The chemical industry faces constant pressure to innovate while upholding higher standards each year. Authentic plant-derived products like Salvianolic Acid B require as much attention to sustainability and customer communication as to chemistry. Our process now includes annual feedback cycles with key clients—both multinational supplement players and small academic labs. Their priorities have steered us toward improved documentation, shorter batch lead times, and flexible batch sizes that serve both field-scale research and scaled manufacturing. On the innovation front, chromatography technique improvements have nudged extraction recoveries up while using less solvent per kilogram, reducing environmental impact and lowering downstream refining costs. Direct experience with regulatory agencies and academic partners keeps us pushing for greater transparency in every COA and technical document.
Salvianolic Acid B’s rise from a research curiosity to a widely used plant compound underscores the need for honesty at every stage—from root cultivation to batch packaging. Every year brings new studies on mechanisms, dosing, and potential benefits, but also fresh scrutiny from regulators and consumers. Our role stays clear: offer a reliable, well-characterized product whose quality supports both current and future work. By staying involved with each customer, we gain insight into evolving needs, whether that means supporting double-blind clinical trial sourcing or troubleshooting new analytical pathways. True progress comes from long-term partnerships, not one-off transactions or unseen ingredient swaps.

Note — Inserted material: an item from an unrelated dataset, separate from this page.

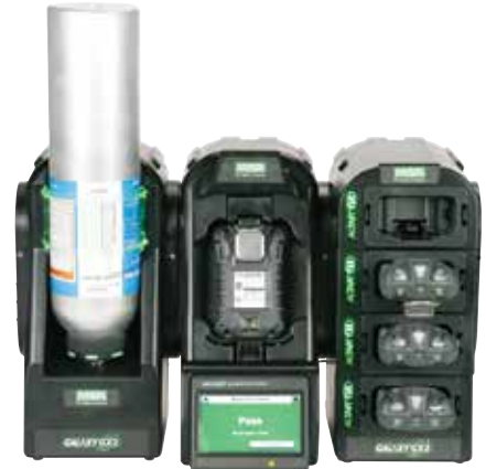
GX2 COMPLETE SET UP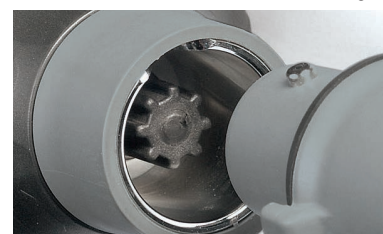
Feed tube "bayonet" slot. Changing shaft is quick & easy.

Agricultural supply faces climate shifts and unpredictable market forces. The demand for clinical-grade botanical ingredients will only grow tougher. Each new regulation or safety standard ratchets up expectations for source transparency and lab documentation. Competing on price alone rarely supports the type of research and supplement development that leads to trustworthy results and safe consumer products. Our ongoing investment in skilled technicians, advanced equipment, and transparent batch management positions us to keep meeting these higher bars. Experience has taught us what pitfalls to avoid and which partnerships help our customers succeed, whether in a university cell culture lab or a commercial-scale manufacturing plant.
The path from raw root to pure Salvianolic Acid B has never followed a straight line. Every harvest, batch adjustment, and order lends a new lesson. Our team brings together years of chemical know-how, plant cultivation, and straightforward troubleshooting learned on the factory floor and in customer labs. The future will see more rigorous science, closer oversight, and broader use of plant-derived actives like Salvianolic Acid B. Succeeding in this space depends as much on honest conversation with end users as it does on technical process improvements or purity claims. With ongoing feedback and transparent collaboration, we keep moving the bar higher for both quality and trust.